Sir Francis Joseph Edward Spring (20 January 1849 – 25 August 1933) was an Anglo-Irish civil engineer and member of the Imperial Legislative Council who played a pioneering role in development of the Indian Railways. Spring is largely remembered today for championing the cause of the Indian mathematician Srinivasa Ramanujan.

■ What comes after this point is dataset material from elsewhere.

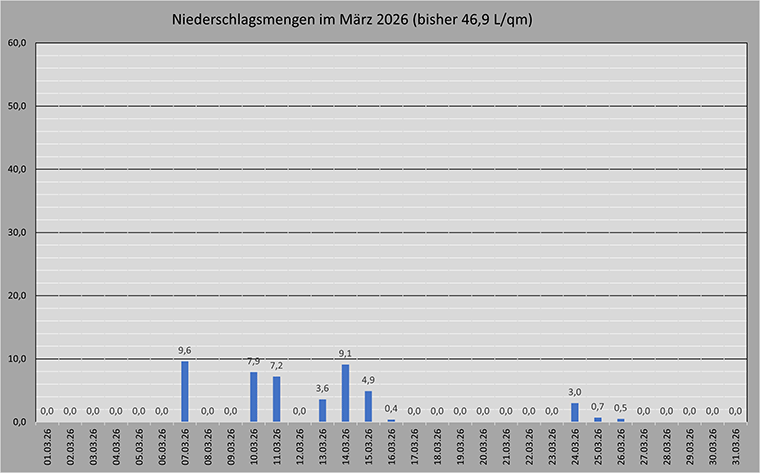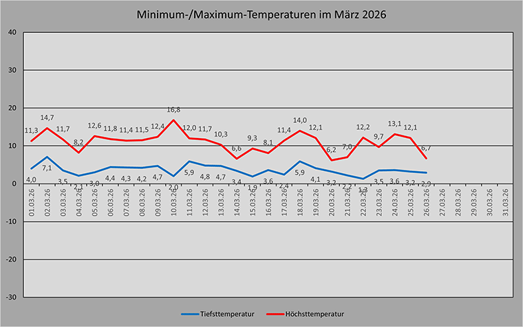 Übersicht Minimum-/Maximum-Temperaturen im März 2026 für Cuxhaven

==Early life and education==
Spring was born in Baltimore, County Cork, United Kingdom of Great Britain and Ireland on 20 January 1849 to Rev. Edward Spring and his wife Matilda. He was a descendant of the Spring family of County Kerry and a relation of Baron Monteagle of Brandon. Spring was educated at Midleton College and Trinity College Dublin.

==Career==
Upon graduating from Trinity College Dublin with a licentiate in engineering, Spring entered the Indian Imperial Civil Service's engineering section in 1870. He served as Consulting Engineer to the Government of India and played a pivotal role in the development of railways in East India. He is credited with the construction of an acclaimed railway bridge across the Godavari River. He served as the Deputy Secretary to the Government of India, Under Secretary to the Government of Bengal and as the manager of the extensive East Coast Railway. He was also Secretary to the Government of Madras with responsibility for railways in the region. Spring was a regular contributor to engineering and India-focused journals throughout his career.

Upon leaving the civil service in 1904, Spring was appointed Chairman of the Madras Port Trust and served in that position until 1919. In this role, Spring redesigned and modernised the harbour at Madras, greatly increasing its capacity and improving the port's defences against cyclone damage. He was a member of the Madras Legislative Council between 1900 and 1901, and was a fellow of the University of Madras and the University of Calcutta. Between 1910 and 1913, he was a member of the Imperial Legislative Council of India.

===Mentorship of Ramanujan===
Indian mathematician Srinivasa Ramanujan worked as a Class III Grade IV clerk from 1912 to 1914 at the Madras Port Trust under Spring's chairmanship. Ramanujan's mathematical talents were brought to Spring's notice by his chief accountant S. Narayana Iyer. Soon, Spring developed an interest in him and lobbied for government support and sponsorship of his research studies in England. In part, this was achieved through regular correspondence with Sir Alfred Bourne.

==Personal life and later years==
In 1873, Spring married Charlotte, the daughter of Mr Samuel Townsend JP. She died in 1930. Spring founded the Royal Madras Yacht Club in 1911, which still exists as the premier sailing club in India. He retired in 1919, shortly after his seventieth birthday. He left India and moved to Jersey in the Channel Islands, where he lived for the last fourteen years of his life. With a considerable personal fortune, he gave a large amount of money for restoration work on St Peter and St Paul's Church, Lavenham, his family's ancestral church, where he has a memorial. Spring died at Saint Aubin on 25 August 1933 at the age of 84.

== Honours ==
For his accomplishments, Spring was made a Companion of the Order of the Indian Empire in 1894 and appointed Knight Commander of the Order of the Indian Empire in 1911. He was a member of the Institution of Civil Engineers, Institute of Mechanical Engineers and American Society of Civil Engineers. In December 1901 he received the honorary degree of Master of Engineering from the University of Dublin. Spring was also the first person in Madras city to own a registered automobile. He was an honorary major in the South India Railway Volunteer Rifles.

A tug boat operating in Madras harbour is named Sir Francis Spring, as is the main road leading to the port, and the marina of the Royal Madras Yacht Club is called Springhaven.

==Cultural references==
Spring was portrayed by Stephen Fry in the 2015 British biographical film The Man Who Knew Infinity, which recounts the story of Ramanujan's adult life and his career at Cambridge University. Spring was portrayed by Richard Walsh in the 2014 film Ramanujan.